**Required work**: Only the lines from the start of the data through the line containing "생각했던 대로 초반 장이" should be written out, exactly as they are, with both ends included and the pictures left out.

=== Begin Enclosure ===

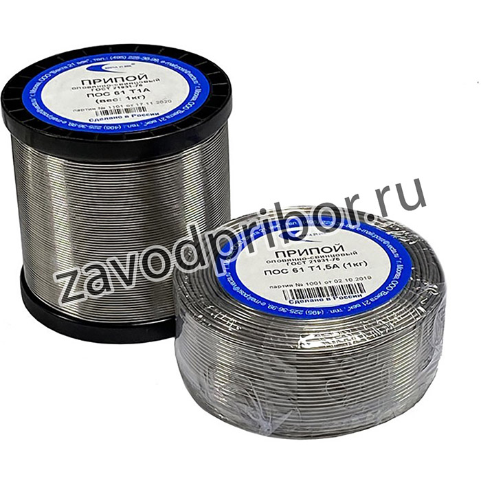 Припой ПОС61 (Sn61Pb39) с канифолью (флюсом) - оловянно-свинцовый легкоплавкий припой трубчатого типа с сосновой канифолью. Используется в качестве присадочного материала для закрепления методом пайки нескольких металлических элементов из разных металлов (латунь, сплав с цинковым покрытием, медь и т.п.) в электро и радиоаппаратуре, печатных схемах, точных приборах с высоко герметичными швами, где недопустим перегрев. Припой ПОС 61 с канифолью производится в виде трубки различных диаметров и массой.
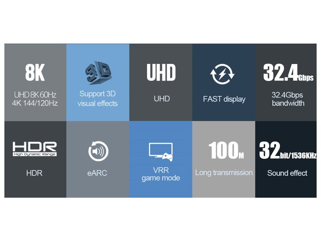 - 8K (7680x4320) při 60Hz a 24 bitová barevná hloubka
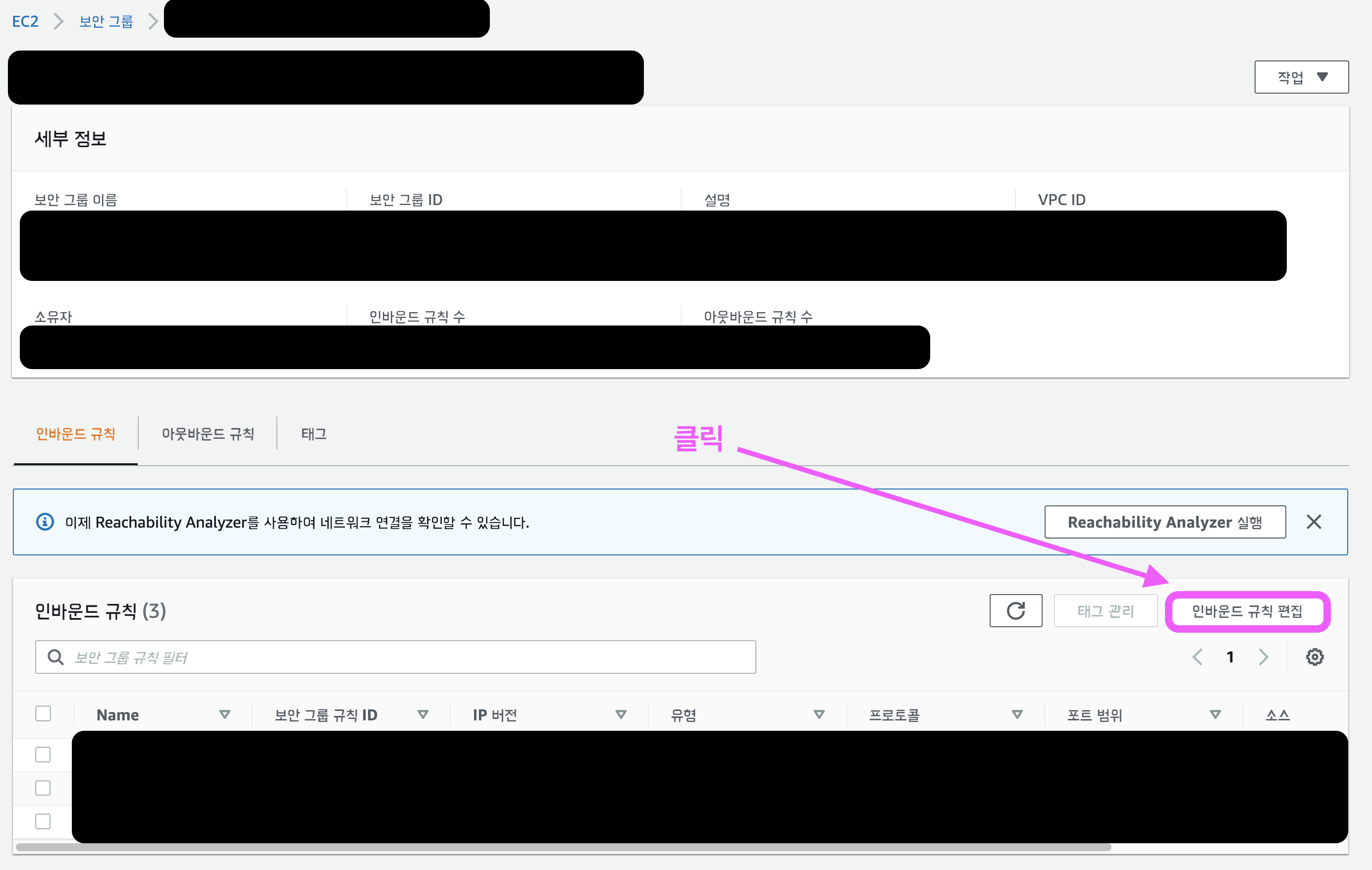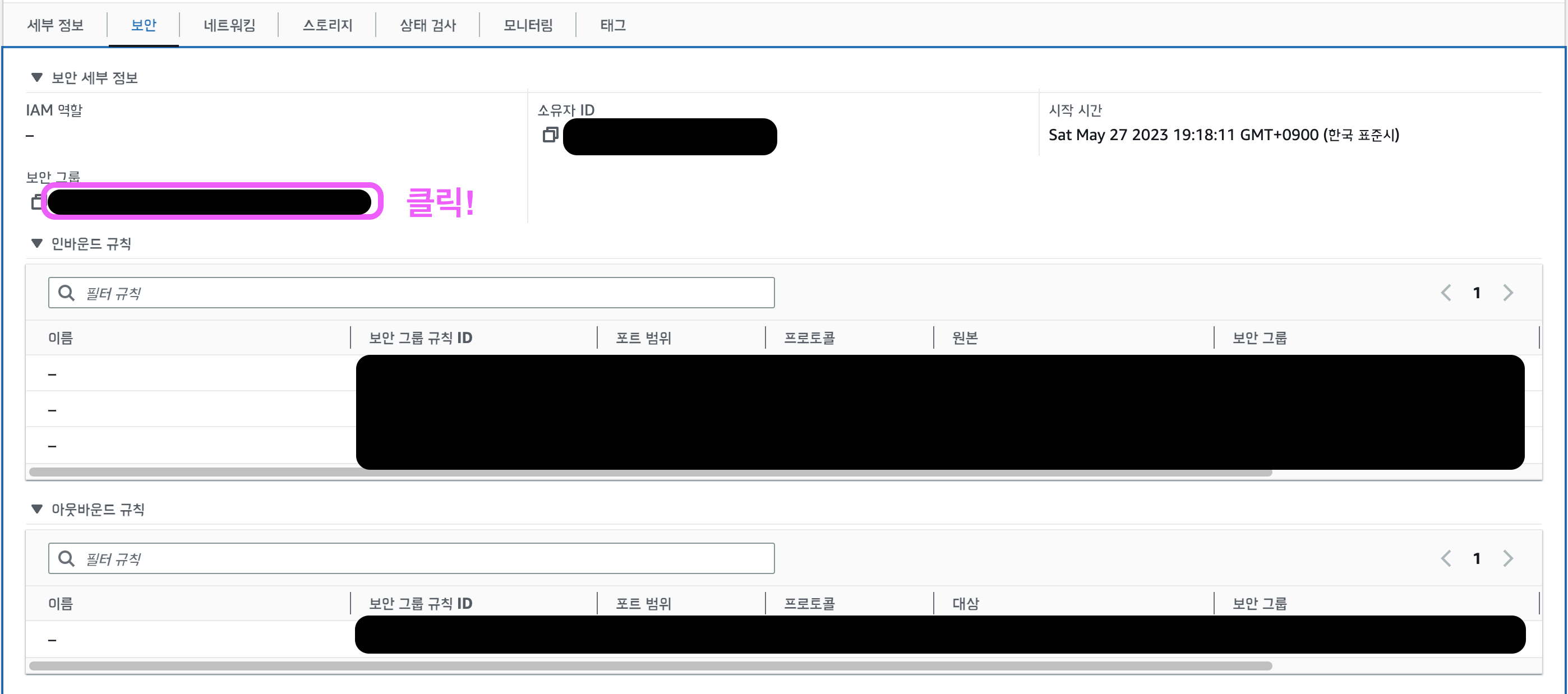 ๋ค์ ์ฌ์ฉ์ค์ธ EC2 ์ ๋ณดํ๋ฉด์ผ๋ก ๋์์์, ๋ณด์์ ํด๋ฆญํฉ๋๋ค.
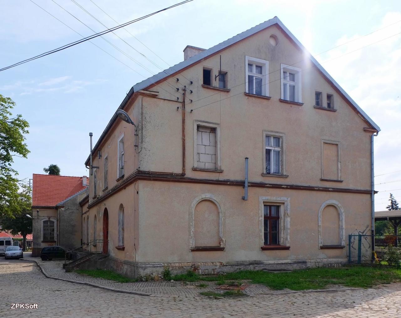 Dworzec kolejowy z 1912 r. widziany od strony placu przeładunkowego, w kierunku północno-wschodnim. W planach jest remont obiektu.
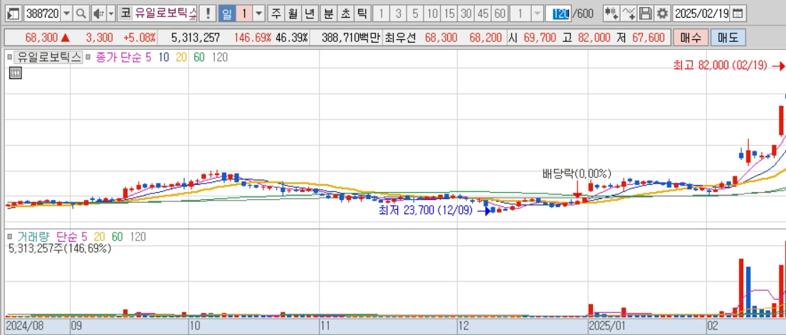 생각했던 대로 초반 장이 좋지 않아서 바로 매도하였고, 어제 대장주였고 120일선에서 장대양봉이 나오고 거래대금도 터진 유일로보틱스를 보았었다. 역시 대장주로서 기대감과 뉴스소식이 있었어서 그런지 갭상승으로 시작하며 초반 상승세를 이끌었다.
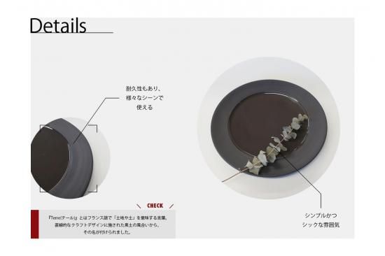 近年、業務用食器には強度が求められ、白色の土で焼き絞められた無垢の食器が一般的になっていますが、Terreは業務用でも耐えうる強度を持つ新素材の黒土を使用。
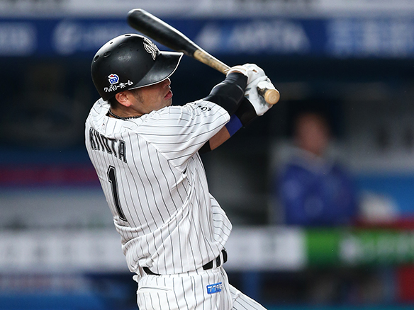 1番 荻野貴 左飛 ランナー1塁 高めのフォークを打つもレフトフライ 2アウト |

=== End Enclosure ===

**Written response**:
 Припой ПОС61 (Sn61Pb39) с канифолью (флюсом) - оловянно-свинцовый легкоплавкий припой трубчатого типа с сосновой канифолью. Используется в качестве присадочного материала для закрепления методом пайки нескольких металлических элементов из разных металлов (латунь, сплав с цинковым покрытием, медь и т.п.) в электро и радиоаппаратуре, печатных схемах, точных приборах с высоко герметичными швами, где недопустим перегрев. Припой ПОС 61 с канифолью производится в виде трубки различных диаметров и массой.
 - 8K (7680x4320) při 60Hz a 24 bitová barevná hloubka
 ๋ค์ ์ฌ์ฉ์ค์ธ EC2 ์ ๋ณดํ๋ฉด์ผ๋ก ๋์์์, ๋ณด์์ ํด๋ฆญํฉ๋๋ค.
 Dworzec kolejowy z 1912 r. widziany od strony placu przeładunkowego, w kierunku północno-wschodnim. W planach jest remont obiektu.
 생각했던 대로 초반 장이 좋지 않아서 바로 매도하였고, 어제 대장주였고 120일선에서 장대양봉이 나오고 거래대금도 터진 유일로보틱스를 보았었다. 역시 대장주로서 기대감과 뉴스소식이 있었어서 그런지 갭상승으로 시작하며 초반 상승세를 이끌었다.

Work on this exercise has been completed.